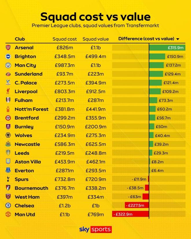 英超阵容性价比榜:枪手增值超3亿镑领跑曼联爆亏超3亿垫底
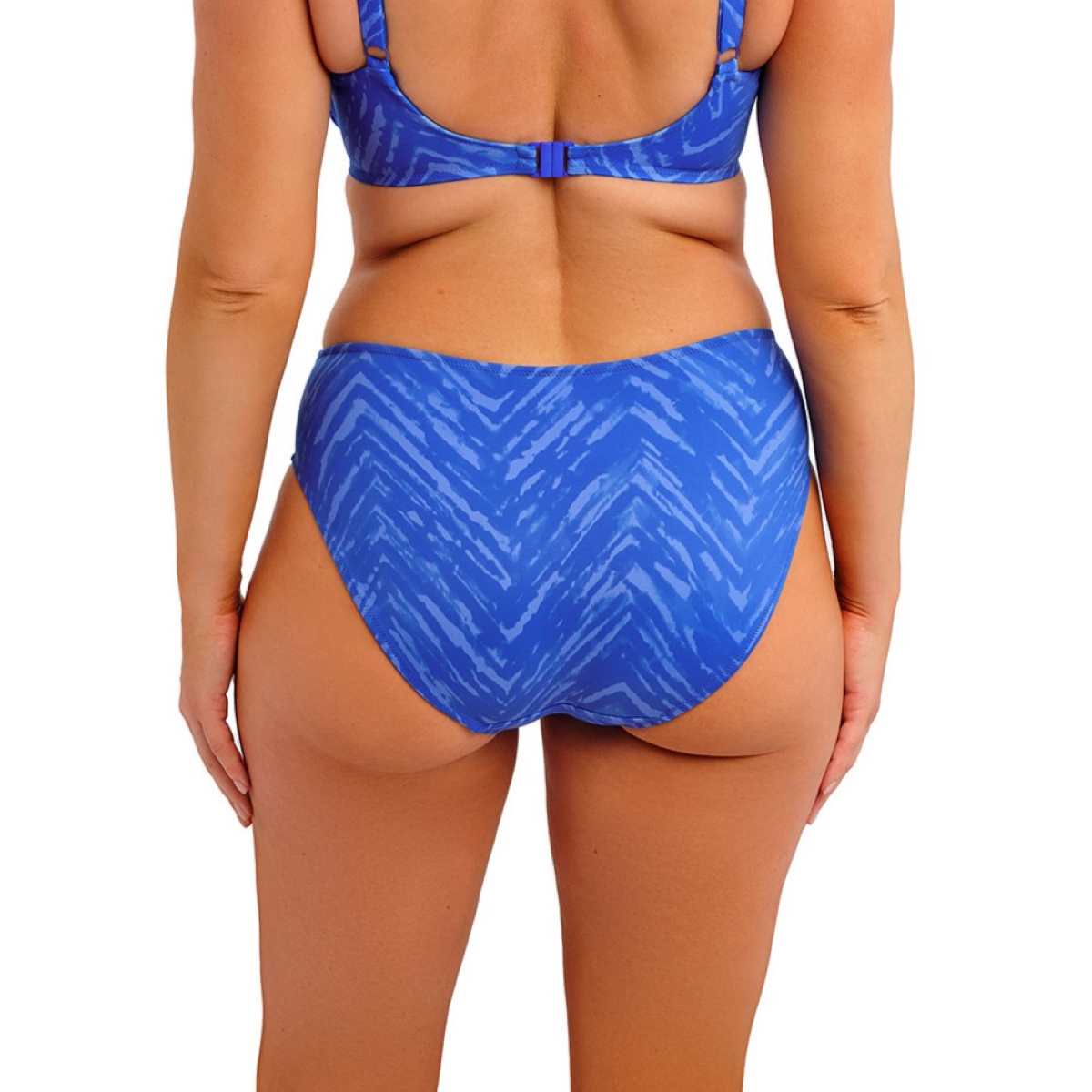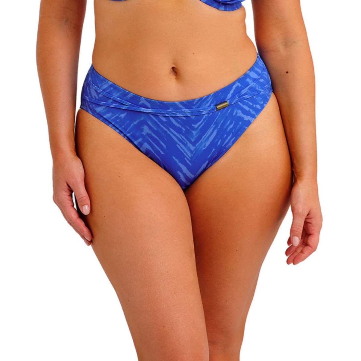 This style offers medium coverage with a fully lined finish for comfort and confidence. It features a flattering crossover belt detail, accented with front gold trim designed to stay cool in the sun.
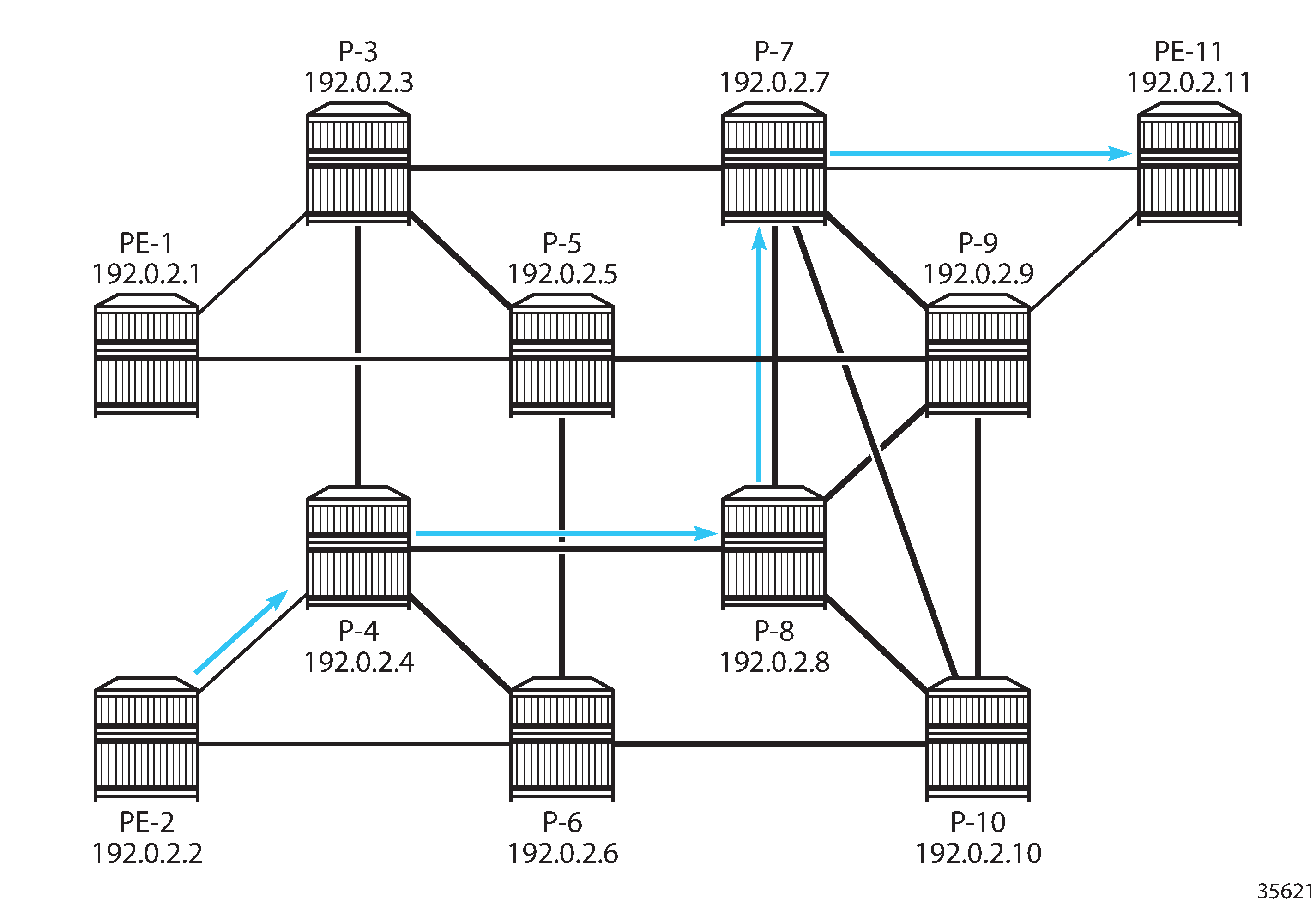 On PE-2, the following SR-TE LSPs with local CSPF path computation using a loose path are configured toward PE-11:
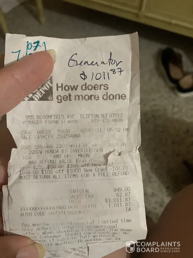 Bougth the Honda eu2200i Generator in Home Depot Clifton NJ to bring to the Caribbean. Bought it July 7. 2021 and I traveled at the end of July 2021. Cost me $230 to ship it via UPS Ground as the airline couldn't guarantee TSA would have allowed the generator to go through. They said TSA sometimes allows brand new generators to go through and sometimes it does not. Used generators are never allowed. (In retrospect, they would have not allowed it to pass as they would have seen it was already used but I didn't know that bc the airline said the box had to look sealed the way it comes from the retailer). Plus other expenses I had to incur. When in the Caribbean a storm was approaching and we opened the box to get the generator to work. When we opened the spark plug area to put in the oil there was gunk and crusty oil all around it. The chord to start the generator was ripping apart. There was some mud and in a small area there's a few small holes on the body of the generator. Then we realize the box says Honda eu2200i and the generator says Honda2000 model and on top it did not turn on even! So someone switched the new model for an old model and wrapped it in a way that looked like the box came from the manufacturer. We returned it at the store down there but they don't sell that generator and that's the one we want bc it is very quiet. They said they could only give me a store credit but I don't live down there and the cost was $1011.00 After 2.5 hours of asking for a refund, surrounded by 3 managers and 3 employees, they said we could pick up the check with the refund in two weeks but has been 3 weeks. We feel we are given the run around. Spoke to managers in NJ as well and they all say there's nothing they can do except giving the money back but we are not even getting that. Plus this generator seems nobody has it in any store and we want to buy it again but nobody helps with that after going through this nightmare. As a matter of fact I had one manager say to have someone switch a generator in a box is very unlikely. I did not make this up! Home Depot sold me an old, used up, non working Honda generator as if it was new in a sealed box and nobody can do a thing about it. I don't blame the employees nor managers as their hands are tied. But the company itself makes it impossible for anyone in a leadership position to make a decision during fraudulent, odd, unique circumstances.
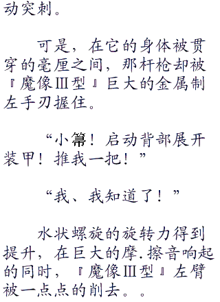 『魔像Ⅲ型』也在同一时刻从左手放出超高密度压缩热辐射线,两股能量就在〇距离发生了冲击,造成了一阵大爆炸。
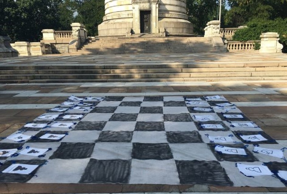 Play human chess on a giant chess board, where players stand on the position of their chosen chess piece (King, Queen, Bishop, etc.), and play the game with a group as a team.
——
ABOUT THIS TASK
Print the material word for word without images.

EXERCISE RESULT
 英超阵容性价比榜:枪手增值超3亿镑领跑曼联爆亏超3亿垫底
 This style offers medium coverage with a fully lined finish for comfort and confidence. It features a flattering crossover belt detail, accented with front gold trim designed to stay cool in the sun.
 On PE-2, the following SR-TE LSPs with local CSPF path computation using a loose path are configured toward PE-11:
 Bougth the Honda eu2200i Generator in Home Depot Clifton NJ to bring to the Caribbean. Bought it July 7. 2021 and I traveled at the end of July 2021. Cost me $230 to ship it via UPS Ground as the airline couldn't guarantee TSA would have allowed the generator to go through. They said TSA sometimes allows brand new generators to go through and sometimes it does not. Used generators are never allowed. (In retrospect, they would have not allowed it to pass as they would have seen it was already used but I didn't know that bc the airline said the box had to look sealed the way it comes from the retailer). Plus other expenses I had to incur. When in the Caribbean a storm was approaching and we opened the box to get the generator to work. When we opened the spark plug area to put in the oil there was gunk and crusty oil all around it. The chord to start the generator was ripping apart. There was some mud and in a small area there's a few small holes on the body of the generator. Then we realize the box says Honda eu2200i and the generator says Honda2000 model and on top it did not turn on even! So someone switched the new model for an old model and wrapped it in a way that looked like the box came from the manufacturer. We returned it at the store down there but they don't sell that generator and that's the one we want bc it is very quiet. They said they could only give me a store credit but I don't live down there and the cost was $1011.00 After 2.5 hours of asking for a refund, surrounded by 3 managers and 3 employees, they said we could pick up the check with the refund in two weeks but has been 3 weeks. We feel we are given the run around. Spoke to managers in NJ as well and they all say there's nothing they can do except giving the money back but we are not even getting that. Plus this generator seems nobody has it in any store and we want to buy it again but nobody helps with that after going through this nightmare. As a matter of fact I had one manager say to have someone switch a generator in a box is very unlikely. I did not make this up! Home Depot sold me an old, used up, non working Honda generator as if it was new in a sealed box and nobody can do a thing about it. I don't blame the employees nor managers as their hands are tied. But the company itself makes it impossible for anyone in a leadership position to make a decision during fraudulent, odd, unique circumstances.
 『魔像Ⅲ型』也在同一时刻从左手放出超高密度压缩热辐射线,两股能量就在〇距离发生了冲击,造成了一阵大爆炸。
 Play human chess on a giant chess board, where players stand on the position of their chosen chess piece (King, Queen, Bishop, etc.), and play the game with a group as a team.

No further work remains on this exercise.